Subsistence and Commercial Activities. Namau Subsistence depends on taro, sweet potatoes, sago, coconuts, and bananas, as well as fish and great quantities of crabs from the rivers and streams. Game hunted for food includes wild pigs and wallabies. Gathered foods, such as grubs, also contribute to the diet, as do birds, though to a rather limited extent. Rattan, important in the construction of ritual masks and effigies as well as for house building, is obtained during large expeditions upriver. After Western contact the men of Namau were recruited to work for wages on European-owned plantations.

Industrial Arts. Namau build houses and canoes, make weapons and utilitarian items such as fishing nets and bows, and fashion ritual and ornamental objects from feathers, pearl shells, and rattan. Much of Namau manufacture is ornately carved with totemic motifs. Canoes are made primarily for local use, although sometimes they are sold. These vessels are not equipped with outrigging and the bows are carved with totemic designs.

Trade. Apart from exchanges occurring in ceremonial contexts, the only significant trade occurred with visits of Motu canoes taking part in the vast hiri trading system.
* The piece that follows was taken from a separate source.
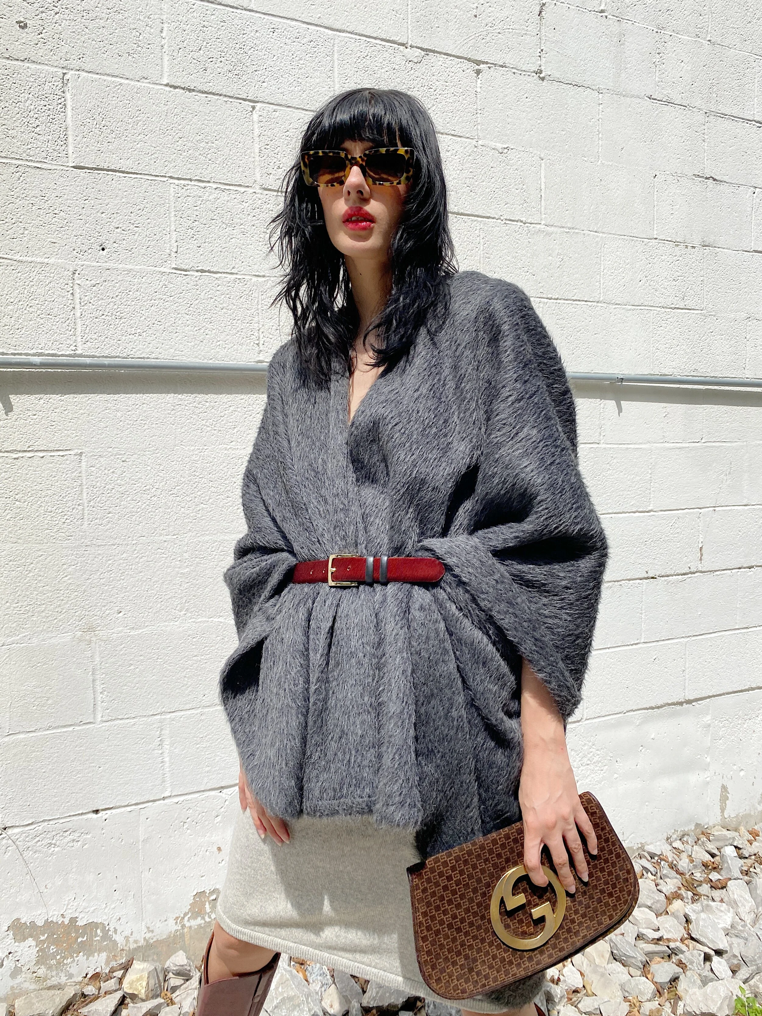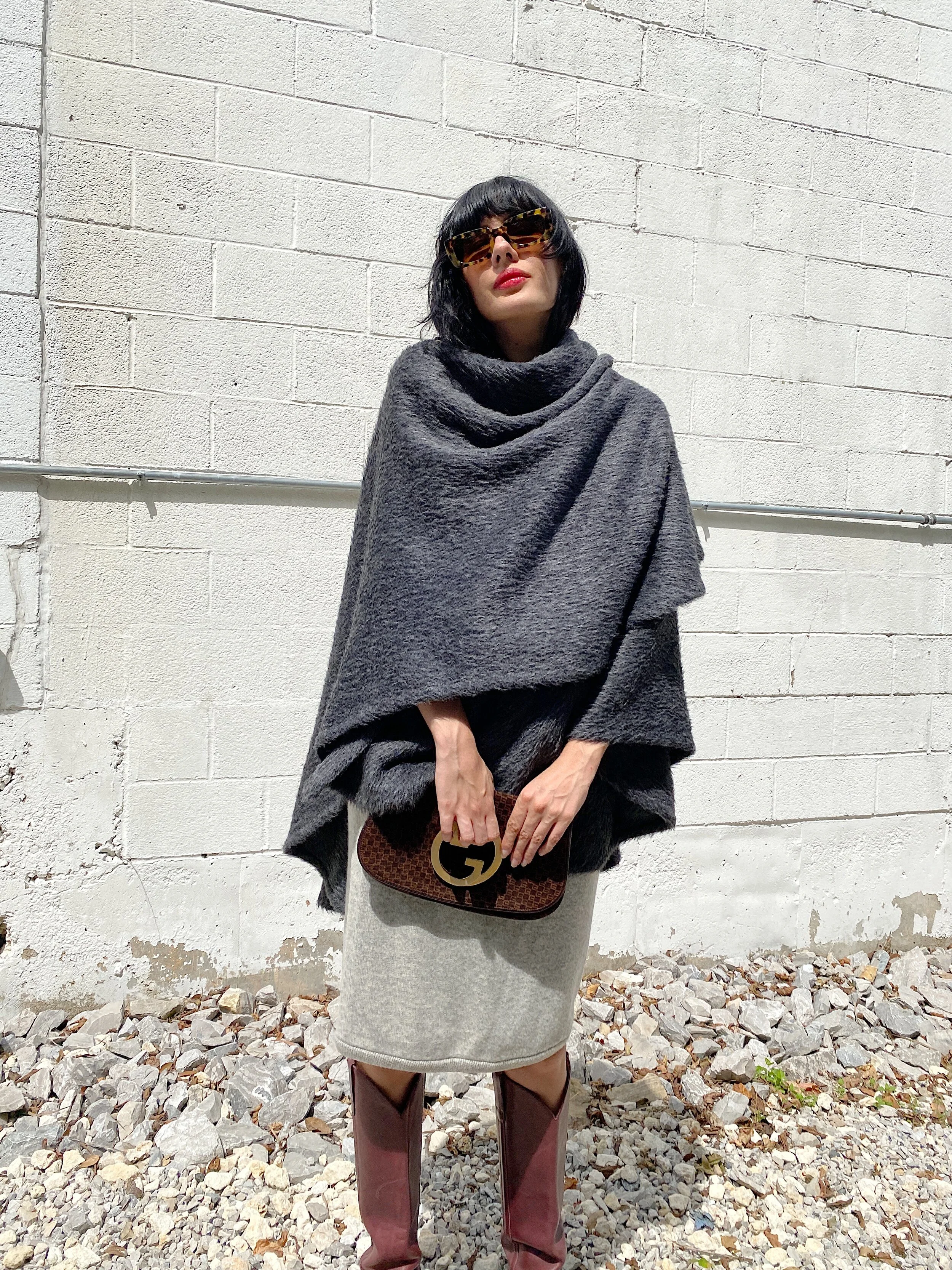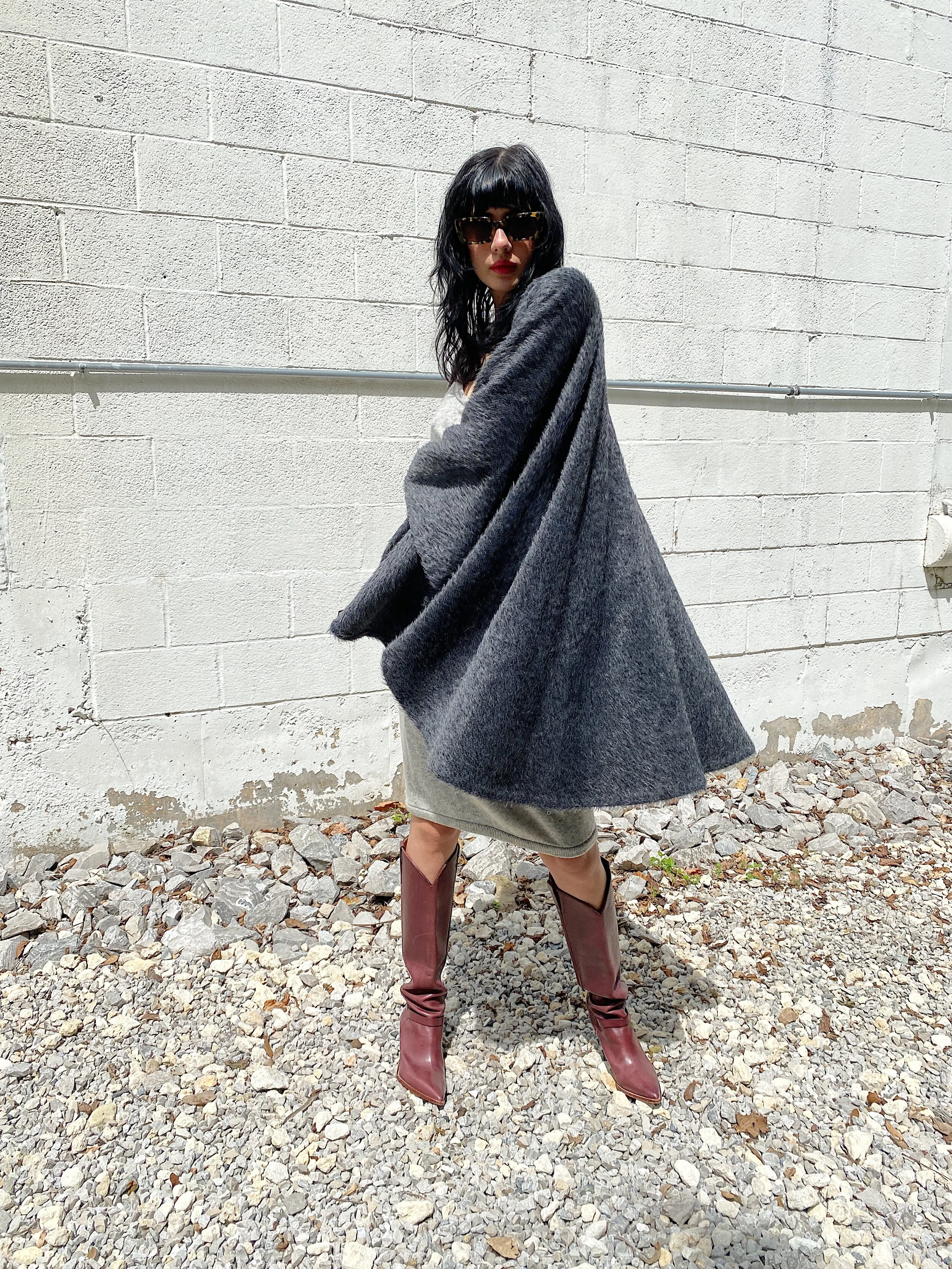 Simple yet timeless, this Donna Karan can easily be implemented as the newest staple piece in your wardrobe. This poncho wrap is made entirely of mohair in a rich charcoal grey color. The weight and structure bring an element of drama while remaining so cozy and comfortable. Open sizing, as well as great for layering and travel. We are so ready to snuggle up in this.

Division of Labor. Men build houses in cooperative groups recruited from patrilineally related kin. Canoe building is done only by men, as is the making of masks and effigies. Hunting is men's work as is most gardening and the tending of coconuts. Men also fish with bows and arrows or spears, but primarily for sport rather than as a subsistence activity. Women, on the other hand, engage in more serious fishing, using hand traps, hand nets, or long nets spread across streams. Women also process sago once the trees have been felled and floated downriver by the men. Gathering crabs and other food items may be done by either sex, but it tends to be done primarily by women. While all adult men are expected to be capable of building or making whatever they might need to secure a livelihood, an individual may develop a reputation as a particularly fine carver or boat builder and achieve a sort of specialist status among his fellows.

Land Tenure. Land for settlements and gardening, as well as associated waterways, is associated with local patrilineal groups rather than being vested in individuals. Rights to land are inherited patrilineally, with all sons having rights to the land of their fathers' groups.